REQUIRED ACTION => Give the records below again in full, exactly as written, but without any images.

(Records from a collection)
=-=-=
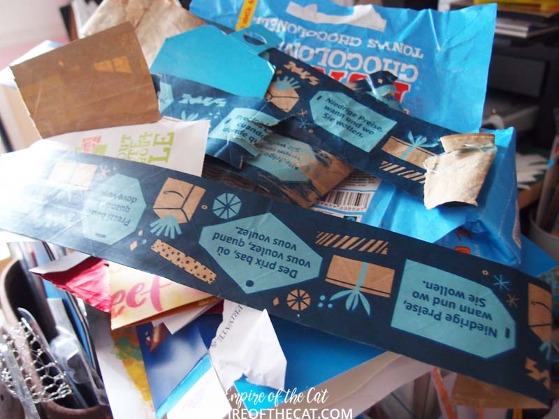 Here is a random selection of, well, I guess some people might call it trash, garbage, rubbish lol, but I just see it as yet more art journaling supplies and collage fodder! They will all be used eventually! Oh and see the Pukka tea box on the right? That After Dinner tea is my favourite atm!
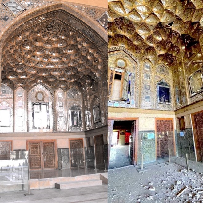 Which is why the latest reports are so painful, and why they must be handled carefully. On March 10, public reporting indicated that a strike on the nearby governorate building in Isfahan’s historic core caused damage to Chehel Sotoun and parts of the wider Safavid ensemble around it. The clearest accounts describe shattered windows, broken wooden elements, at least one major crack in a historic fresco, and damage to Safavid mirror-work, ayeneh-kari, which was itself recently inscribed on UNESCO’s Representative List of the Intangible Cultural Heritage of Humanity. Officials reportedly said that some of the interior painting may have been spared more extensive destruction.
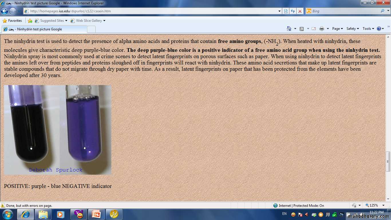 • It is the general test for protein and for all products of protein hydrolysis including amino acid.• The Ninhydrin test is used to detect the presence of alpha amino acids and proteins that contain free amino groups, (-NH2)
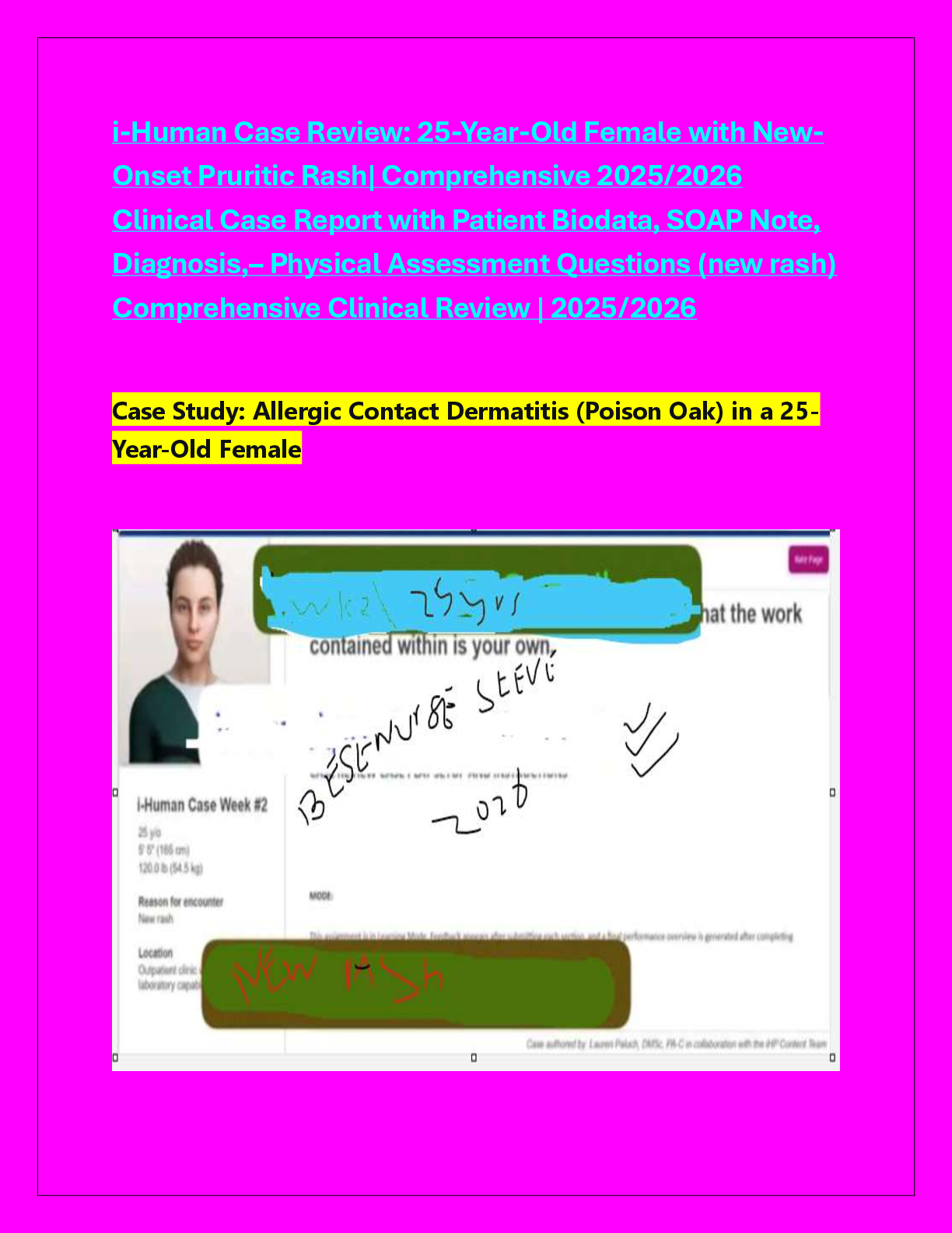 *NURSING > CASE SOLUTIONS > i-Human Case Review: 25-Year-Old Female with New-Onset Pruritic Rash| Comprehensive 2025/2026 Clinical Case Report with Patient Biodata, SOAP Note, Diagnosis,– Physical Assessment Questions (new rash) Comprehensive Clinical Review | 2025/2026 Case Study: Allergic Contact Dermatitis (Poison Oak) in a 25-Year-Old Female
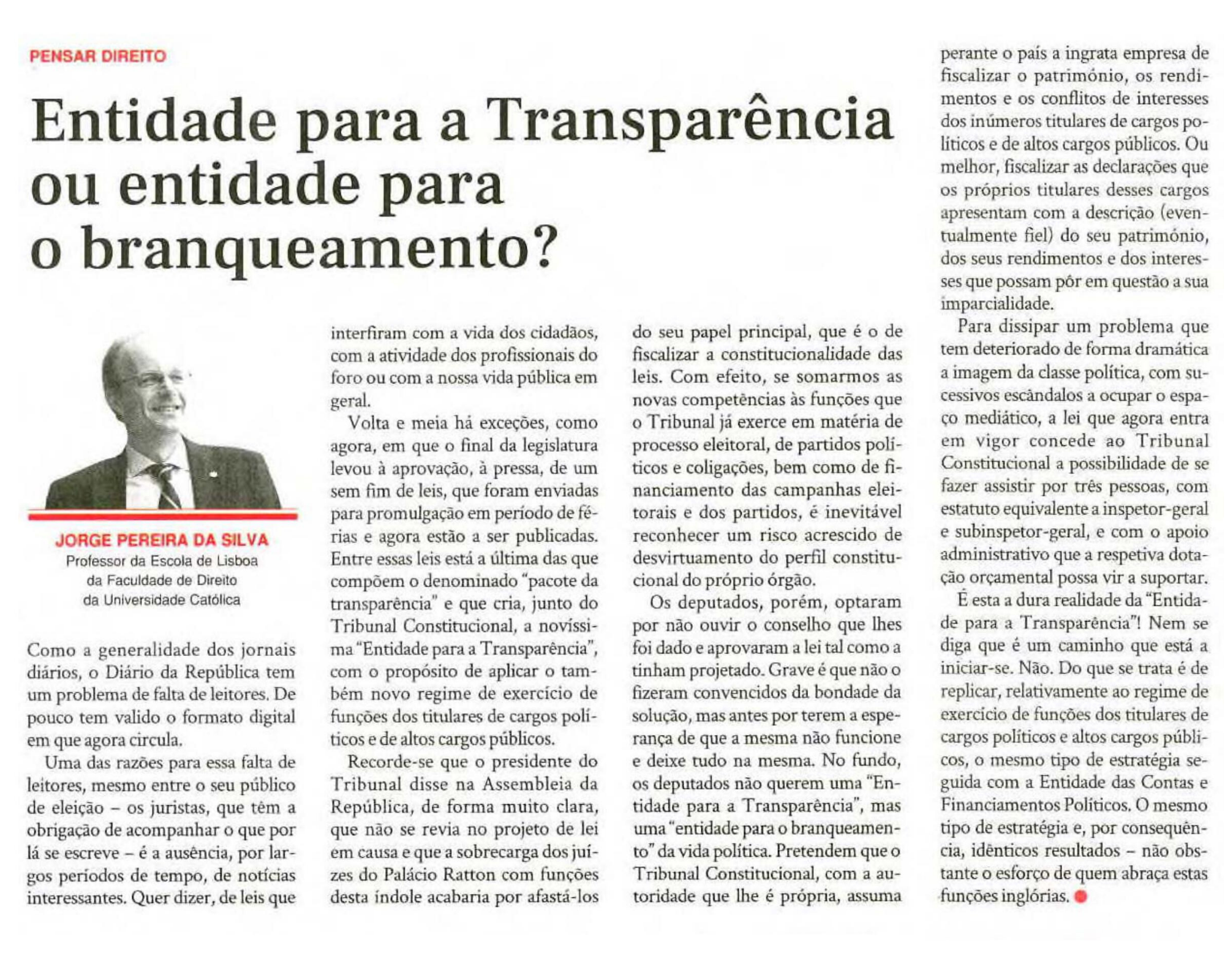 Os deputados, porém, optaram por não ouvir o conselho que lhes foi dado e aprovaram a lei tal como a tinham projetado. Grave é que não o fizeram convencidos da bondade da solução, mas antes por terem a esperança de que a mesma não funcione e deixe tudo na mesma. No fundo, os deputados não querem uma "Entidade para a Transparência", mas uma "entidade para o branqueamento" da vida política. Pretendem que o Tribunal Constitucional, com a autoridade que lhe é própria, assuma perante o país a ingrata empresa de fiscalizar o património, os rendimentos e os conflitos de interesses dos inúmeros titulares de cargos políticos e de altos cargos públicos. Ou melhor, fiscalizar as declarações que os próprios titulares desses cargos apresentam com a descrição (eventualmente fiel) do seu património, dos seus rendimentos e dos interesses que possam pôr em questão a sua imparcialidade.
=-=-=
RESPONSE =>
 Here is a random selection of, well, I guess some people might call it trash, garbage, rubbish lol, but I just see it as yet more art journaling supplies and collage fodder! They will all be used eventually! Oh and see the Pukka tea box on the right? That After Dinner tea is my favourite atm!
 Which is why the latest reports are so painful, and why they must be handled carefully. On March 10, public reporting indicated that a strike on the nearby governorate building in Isfahan’s historic core caused damage to Chehel Sotoun and parts of the wider Safavid ensemble around it. The clearest accounts describe shattered windows, broken wooden elements, at least one major crack in a historic fresco, and damage to Safavid mirror-work, ayeneh-kari, which was itself recently inscribed on UNESCO’s Representative List of the Intangible Cultural Heritage of Humanity. Officials reportedly said that some of the interior painting may have been spared more extensive destruction.
 • It is the general test for protein and for all products of protein hydrolysis including amino acid.• The Ninhydrin test is used to detect the presence of alpha amino acids and proteins that contain free amino groups, (-NH2)
 *NURSING > CASE SOLUTIONS > i-Human Case Review: 25-Year-Old Female with New-Onset Pruritic Rash| Comprehensive 2025/2026 Clinical Case Report with Patient Biodata, SOAP Note, Diagnosis,– Physical Assessment Questions (new rash) Comprehensive Clinical Review | 2025/2026 Case Study: Allergic Contact Dermatitis (Poison Oak) in a 25-Year-Old Female
 Os deputados, porém, optaram por não ouvir o conselho que lhes foi dado e aprovaram a lei tal como a tinham projetado. Grave é que não o fizeram convencidos da bondade da solução, mas antes por terem a esperança de que a mesma não funcione e deixe tudo na mesma. No fundo, os deputados não querem uma "Entidade para a Transparência", mas uma "entidade para o branqueamento" da vida política. Pretendem que o Tribunal Constitucional, com a autoridade que lhe é própria, assuma perante o país a ingrata empresa de fiscalizar o património, os rendimentos e os conflitos de interesses dos inúmeros titulares de cargos políticos e de altos cargos públicos. Ou melhor, fiscalizar as declarações que os próprios titulares desses cargos apresentam com a descrição (eventualmente fiel) do seu património, dos seus rendimentos e dos interesses que possam pôr em questão a sua imparcialidade.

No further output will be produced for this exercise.